CD24, a small glycosylated cell adhesion protein, is closely related to the occurrence, progression and prognosis of breast cancer [10,11,12]. Recent studies have shown that CD24 has an important remodeling effect on the breast cancer immune microenvironment[12]. Nevertheless, there exists debate regarding the impact of CD24 on the immune microenvironment in breast cancer. While CD24 is a well-recognized marker for breast cancer stem cells, typically contributing to the creation of an immunosuppressive microenvironment [13]. However, recent studies have reported that overexpressed CD24 in breast cancer is linked to its interaction with Siglec-10 on macrophages, thereby promoting immune evasion and subsequently shaping an immunosuppressive microenvironment [12]. Therefore, whether CD24 or over-expression mediates the inhibitory remodeling of the immune microenvironment of breast cancer is urgently elucidated by the latest research technology, so as to develop new therapeutic strategies targeting CD24, a key molecule in the regulation of the remodeling of the tumor immune microenvironment, and improve the application of tumor immunotherapy in the clinical treatment of breast cancer. Recently, emerging multiomics technologies, including single-cell sequencing, bulk-RNA, and multicolor immunofluorescence labeling, have shown great advantages and application value in comprehensively and objectively revealing the tumor immune microenvironment [14,15,16]. However, no studies have applied the above multiomics techniques to comprehensively characterize the CD24-mediated immune microenvironment.

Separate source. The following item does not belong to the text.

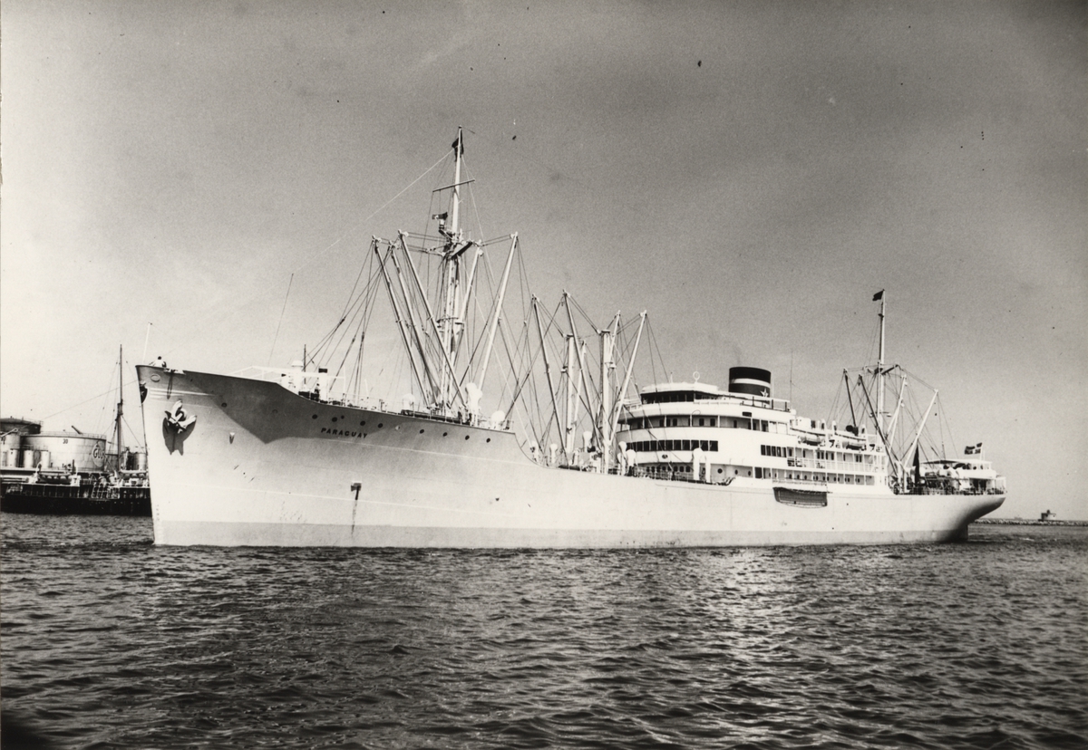 Foto i svartvitt visande lastmotorfartyget "PARAGUAY" i Köpenhamn under 1950-talet.

In this study, we used single-cell RNA sequencing (scRNA-seq) to create transcriptomic maps of breast cancer samples, revealing a variety of cell types. Subsequent analyses focused on epithelial cells, using methods including CellChat and locus analysis. Further, we used large amounts of RNA-seq data from the Cancer Genome Atlas (TCGA) to construct a CD24-associated breast cancer prognosis model and confirmed the predictive value of this feature by using the GSE20685 dataset. Finally, we used multi-color immunofluorescence technology to reveal that CD24+PANCK+breast cancer cells in the tumor microenvironment can induce the CD8+T cells exhausted, leading to the emergence of inhibitory immune microenvironment in breast cancer and poor prognosis. This suggests that targeted inhibition of CD24 may improve tumor immunotherapy by alleviating CD8+T cell exhausting for clinical breast cancer treatment. The workflow diagram is shown in Fig. 1.

Fig. 1
figure 1

Workflow diagram of the study

Methods and materials

Data collection and preprocessing

The expression data of scRNA-seq of GSE148673 which included six breast cancer was obtained from TISCH with h5 format (http://tisch.comp-genomics.org/). The Seurat package in R software (version 4.1.3) was used to process the raw data of each sample. After the cells with less than 300 genes and the samples with less than 3 cells were excluded, a total of 10,114 cells were obtained after the samples underwent quality control including the removal of low-quality cells, data standardization and normalization for subsequent analysis. Bulk-RNA sequencing data with FPKM format and corresponding clinical information of breast cancer were obtained from the publicly available GDC-TCGA project in the UCSC Genome Browser datasets (https://xenabrowser.net/datapages/). After excluding normal tissue, tissue from the same patient, and tissue with incomplete survival information, 1075 breast cancer samples were obtained for subsequent analysis. The GSE20685 cohort included 327 breast cancer patients was obtained from the Gene Expression Omnibus (GEO) database (https://www.ncbi.nlm.nih.gov/geo/) as an external validation cohort. Detailed clinical information for all cohorts were included in Table 1.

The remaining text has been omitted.